The girl loved her father very dearly and her grief, as she gathered sea weed along the shore for her master, touched the heart of Neptune, the god of the sea. He changed her to the form of a horse, and she went home to Erisichthon, hoping that he would look upon so fine an animal with favor, and give it a home. But her father sold the horse to a chariot racer. She escaped and went again to the shore where Neptune changed her, in turn, to a stag, an ox, and a rare bird. Each time she made her way home, and each time her father sold her to buy food. So the bird flew away to Mount Olympus and was never seen again.
At last there came a day when Erisichthon could feed himself no longer. There was nothing left to him in the world that he could sell, and his hunger was so great that he went, like a raving beast, up and down the bountiful fields of Ceres demanding that food be given him.
But those whom Famine touches because they break Ceres' laws, and destroy life and property find no help unless they try to restore the order that they have hurt. Erisichthon was too weak to work, and he could never raise another oak tree like that one which had been growing for centuries. So he went, at last, to live with Famine in Scythia which was a long way from the Mount of the gods.
THE BEE MAN OF ARCADIA.
Strange things were happening in a field of the beautiful country called Arcadia. A youth who wore a wreath of green laurel leaves on his dark hair sat on a rock and held a lyre in his hands from whose strings he drew sweet music. And as he played a wolf, who had been the terror of the shepherds for many leagues around, came out of the woods and lay down like a great dog at the feet of the youth. Next, the nearby olive trees bent their heads to listen and then moved toward him until they stood in a circle at his feet. Then the hard rock on which the musician rested covered itself with soft green verdure and bluebells and violets began to lift their heads, growing out of its age-old stones.

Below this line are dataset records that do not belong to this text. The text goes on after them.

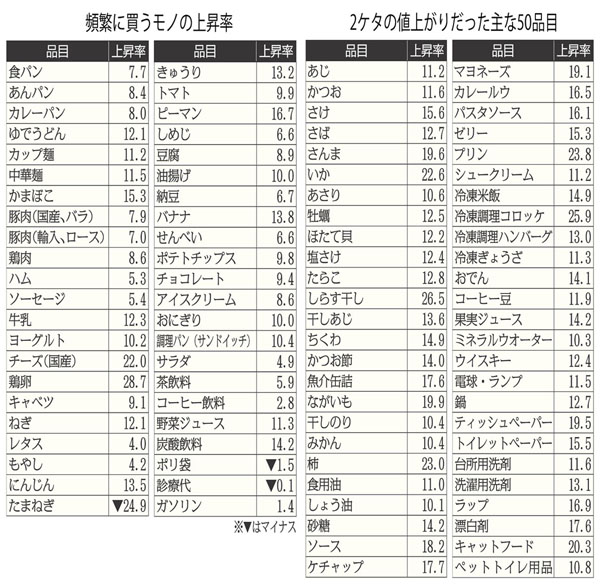 【50品目一覧表付き】2023年は「2ケタ値上がり」が目白押し! 頻繁に買うモノは6.2%アップ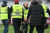 Fyrst var það Hedlund en nú er það Kennie Chopart sem liggur og þarf aðhlynningu frá Valgeiri Viðarssyni sjúkraþjálfara KR-inga. Einar Óli Þorvarðarson sjúkraþjálfari Vals er einnig mættur inná völlinn og fylgist með.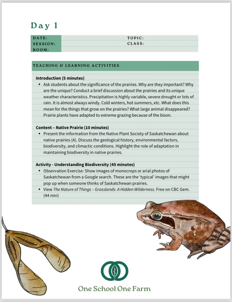 Activities with One School One Farm – Last week I attended a planting day with OSOF, to do some field sketching while grade 2 students and land partners planted a shelterbelt. OSOF now has lesson plans available on their website, for anyone interested in prairie ecology. These are free to download and feature my illustrations of local plant & animal species.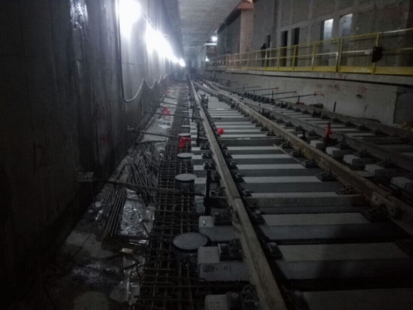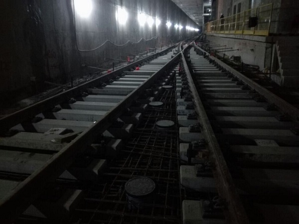 长枕式钢弹簧浮置板道岔设计共有6组,目前已同时施工完成2组,剩余4组2015年1月份也将开始施工。(王仕瑜 贾静)

This was what always happened when Orpheus, the son of Apollo, played the lyre that his father had given him and had taught him to use. Nothing could withstand the charm of his music. Not only the farmers and shepherds, the nymphs and fauns of Arcadian woods and fields were softened and drawn by his tunes, but the wild beasts as well laid by their fierceness and stood, entranced, at his strains.

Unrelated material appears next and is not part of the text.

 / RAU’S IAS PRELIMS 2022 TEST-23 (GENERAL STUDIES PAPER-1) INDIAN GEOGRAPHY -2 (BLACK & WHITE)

Orpheus touched his lyre again and played an even lovelier song. And out of the forest glided the nymph, Eurydice, taking her place near Orpheus. His music had won her devotion and Hymen, the god of marriage, had made the two very happy. Their deepest wish was that they might never be separated.
The whole of Arcadia was charmed by Orpheus' lute. No, there was just one person in that beautiful country who positively disliked music, and that was the bee-man, Aristaeus. In fact, Aristaeus could not see the value of anything beautiful, the statues and vases in the temple of Apollo, the tapestries the weavers decorated with so many soft colors, the tints of the wild flowers, or the arch of the rainbow in the sky after a shower. This bee-man could find no interest in anything except his combs of yellow honey, their number, and how many gold coins he would be paid for them. Not only did Aristaeus dislike beautiful things, but he did not want others to enjoy them. A cross old Arcadian, was he not?